◆ DIRECTIONS FOR THIS TASK ◆
Reproduction of part of the material below, pictures omitted: copy exactly, and only, the lines starting with the one with "新华社记者 孙凡越 摄" and going on through the one with "Happy Coding Lover".

◆ PROVIDED RECORDS ◆
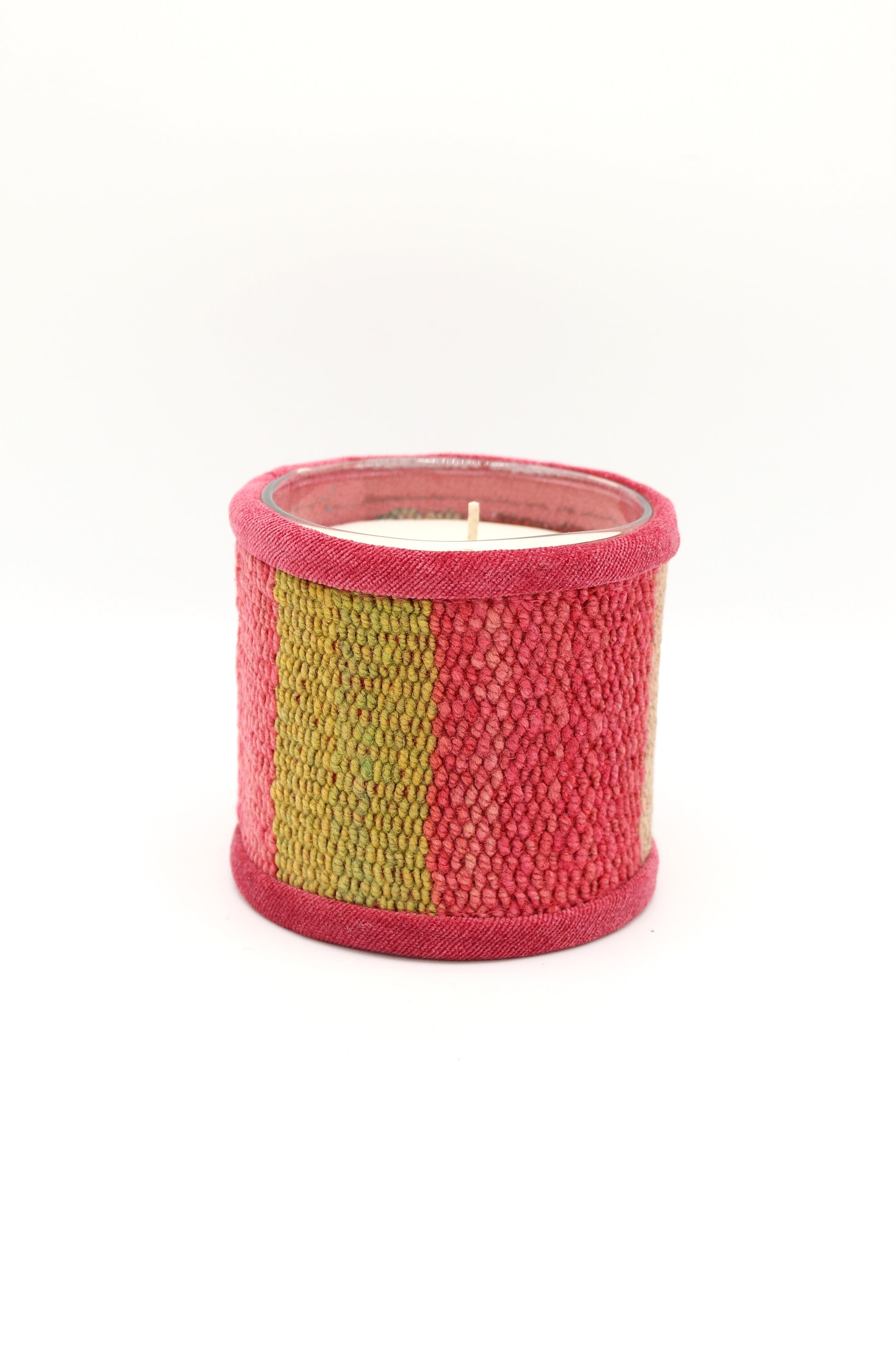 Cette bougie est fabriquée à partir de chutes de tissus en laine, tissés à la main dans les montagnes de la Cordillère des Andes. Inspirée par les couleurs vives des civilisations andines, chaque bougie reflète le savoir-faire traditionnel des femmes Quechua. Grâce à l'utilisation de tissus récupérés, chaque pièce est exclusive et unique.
--
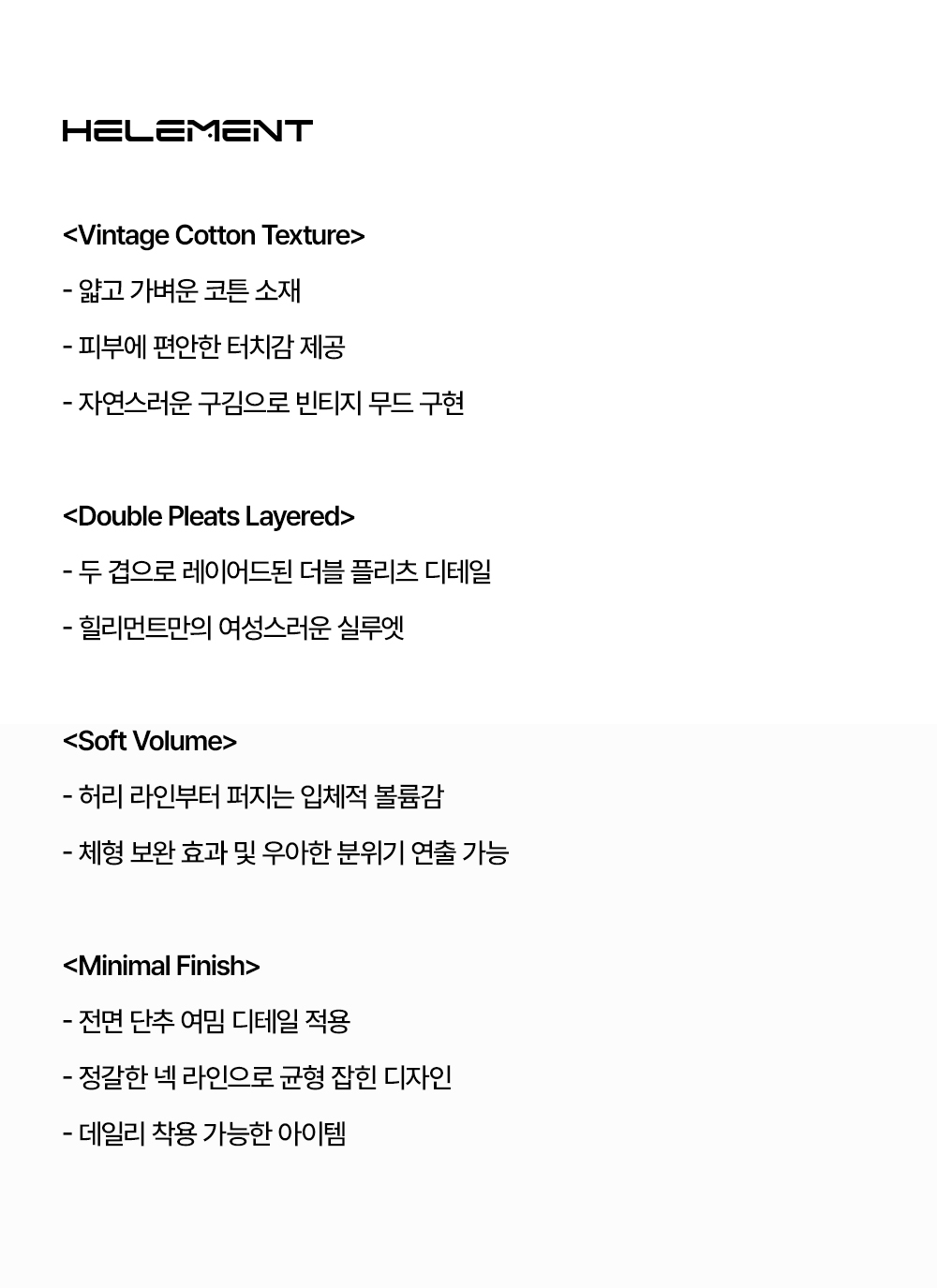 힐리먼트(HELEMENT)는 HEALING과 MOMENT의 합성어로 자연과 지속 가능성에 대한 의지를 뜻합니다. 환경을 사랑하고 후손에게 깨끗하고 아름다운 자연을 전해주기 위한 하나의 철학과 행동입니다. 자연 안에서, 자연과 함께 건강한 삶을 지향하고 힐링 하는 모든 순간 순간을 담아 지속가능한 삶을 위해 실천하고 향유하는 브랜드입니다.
...
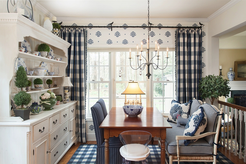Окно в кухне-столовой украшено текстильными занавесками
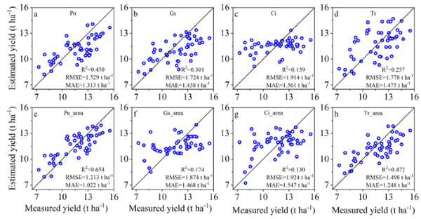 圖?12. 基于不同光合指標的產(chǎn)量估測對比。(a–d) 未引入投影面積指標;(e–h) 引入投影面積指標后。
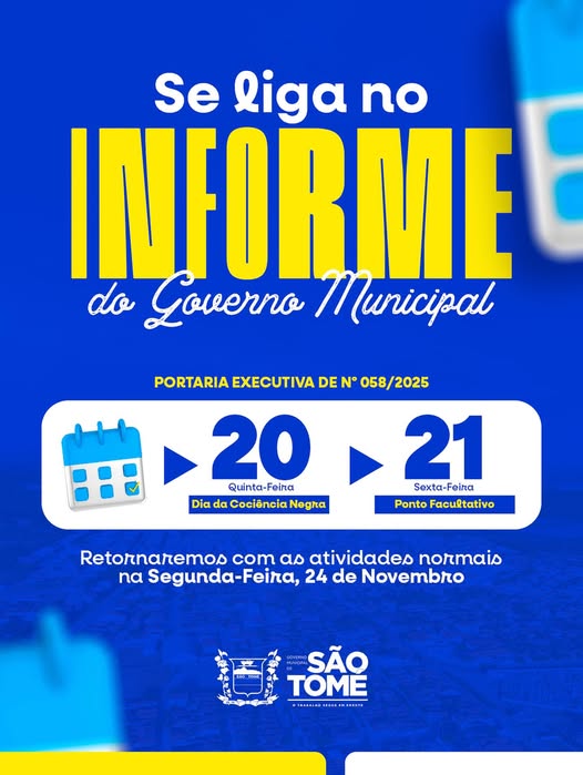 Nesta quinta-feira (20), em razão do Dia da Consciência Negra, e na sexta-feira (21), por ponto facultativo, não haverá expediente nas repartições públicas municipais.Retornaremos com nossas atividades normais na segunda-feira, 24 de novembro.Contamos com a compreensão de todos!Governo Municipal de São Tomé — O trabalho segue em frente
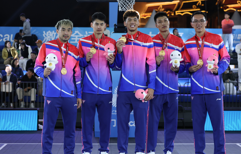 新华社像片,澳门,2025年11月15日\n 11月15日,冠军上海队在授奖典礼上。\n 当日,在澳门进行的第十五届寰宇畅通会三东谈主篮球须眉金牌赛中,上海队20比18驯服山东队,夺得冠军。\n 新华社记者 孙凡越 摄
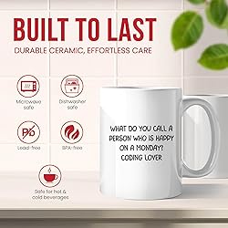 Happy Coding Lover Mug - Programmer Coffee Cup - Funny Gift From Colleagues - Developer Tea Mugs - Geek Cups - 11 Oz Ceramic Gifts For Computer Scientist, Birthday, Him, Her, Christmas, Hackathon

◆ THE COMPLETED TASK ◆
 新华社像片,澳门,2025年11月15日\n 11月15日,冠军上海队在授奖典礼上。\n 当日,在澳门进行的第十五届寰宇畅通会三东谈主篮球须眉金牌赛中,上海队20比18驯服山东队,夺得冠军。\n 新华社记者 孙凡越 摄
 Happy Coding Lover Mug - Programmer Coffee Cup - Funny Gift From Colleagues - Developer Tea Mugs - Geek Cups - 11 Oz Ceramic Gifts For Computer Scientist, Birthday, Him, Her, Christmas, Hackathon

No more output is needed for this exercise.